As the presidential race nears its climax, questions and accusations over political correctness rise and rumble.
Should we be conscious of every word that comes out of our mouths in case it offends someone?
If we say something wrong — a simple slip-up caused by sincere ignorance to a topic — are we automatically racist or sexist?
Of course not.
You’re not a “bad person” if you’re sometimes politically incorrect due to a lack of knowledge about a subject or issue. That being said, it’s important to be aware of others for the sake of respect.
You can still organize a good argument while being politically incorrect.
You can still be an activist for equality while being politically correct.
As a society, we should not base our social justice system around being politically correct.
Correcting others on how the specific way they speak or how they act on social media won’t take a step forward in affecting an action.
You shouldn’t automatically believe someone to be a terrible person because they called a Native American an American Indian. If anything, a lot of our incorrect labels of others come from a societal ignorance of other groups of people.
However, I’m not saying you should go around calling people whatever you want to. For example, you should not call a black person the N-word.
You have to respect others.
Other people won’t listen to your opinion if you’re straight up disrespecting them.

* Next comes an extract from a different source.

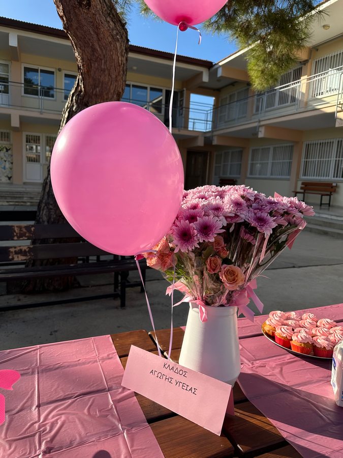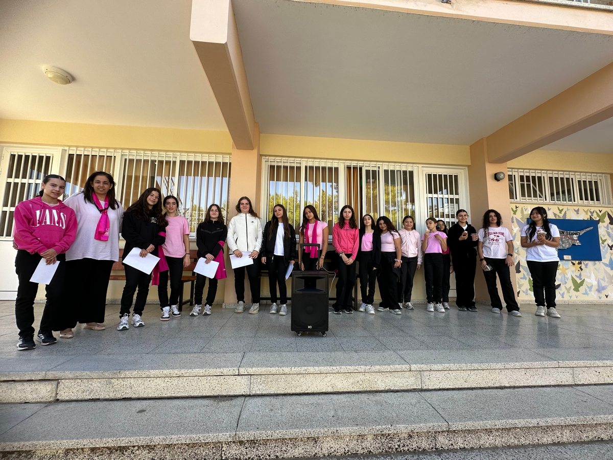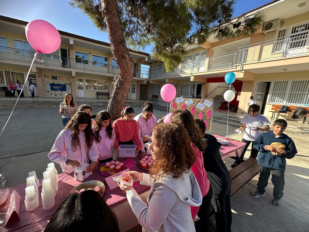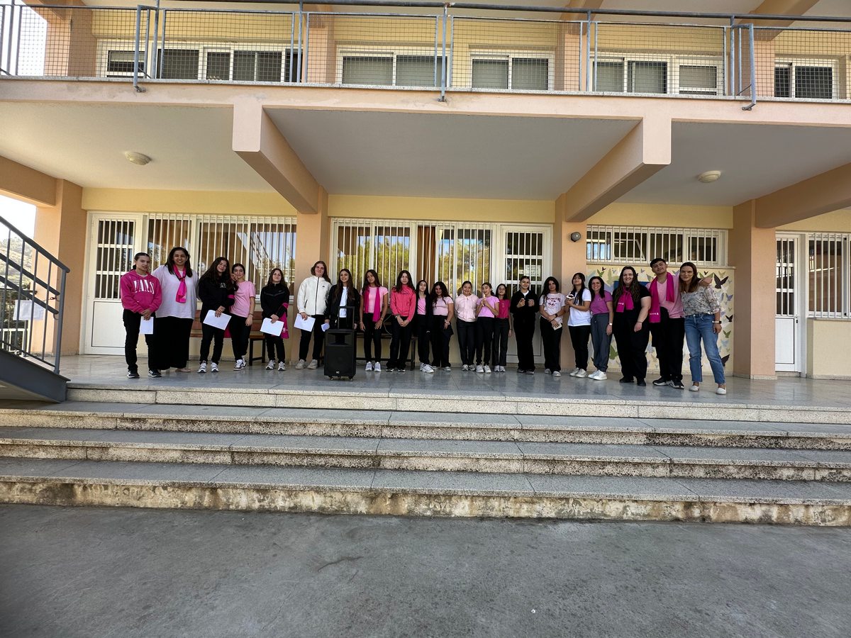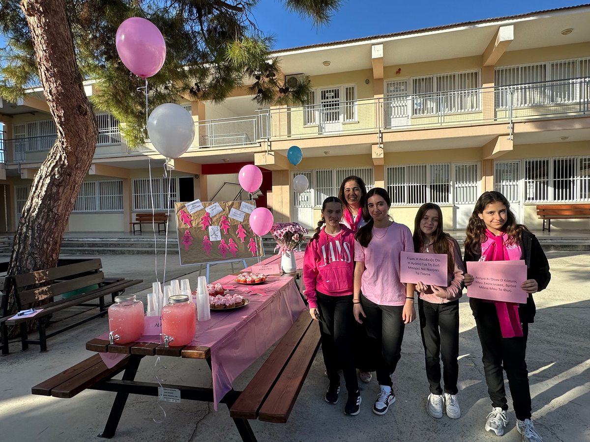 25 Οκτωβρίου! Παγκόσμια Ημέρα κατά του Καρκίνου του Μαστού. Το Γυμνάσιο Σολέας δεν θα μπορούσε να μείνει ασυγκίνητο με όλους αυτούς τους ανθρώπους που δίνουν τον δικό τους καθημερινό και δύσκολο αγώνα. Ο κλάδος Αγωγής Υγείας οργάνωσε στις 24 και 29 Οκτωβρίου 2025 με μεγάλη επιτυχία διάφορες δράσεις για να μπορέσουν όλα τα παιδιά να στείλουν το δικό τους μήνυμα συμπαράστασης και να ενημερωθούν σωστά κατανοώντας ότι η πρόληψη είναι καλύτερη από τη θεραπεία. Με περπάτημα, γλυκά, χορό και αφηγήσεις στείλαμε το δικό μας μήνυμα αγάπης κι αλληλεγγύης. Δόθηκαν σε όλες τις γυναίκες που εργάζονται στο σχολείο μας λουλούδια με το δικό μας μήνυμα ευαισθητοποίησης και προβληματισμού. Μαθητές τις τρίτης τάξης συγκίνησαν με το σχηματισμό τους στέλνοντας το δικό τους μήνυμα ότι: «Δεν παλεύεται μόνες σας, είμαστε κι εμείς μαζί σας».

If someone requests you call them by their nickname, you respect that.
If a Korean person requests you call them Korean instead of an Oriental, you should also respect that. It’s the same concept.
If you know what’s generally more politically correct, is it really that much harder to say the correct terms?
As a society, we should respect others, and we should expect that the people who represent the U.S., like our presidential candidates, be politically correct.
However, we should not get so caught up on being precise that we throw accusations around or forget what the motive to our argument was.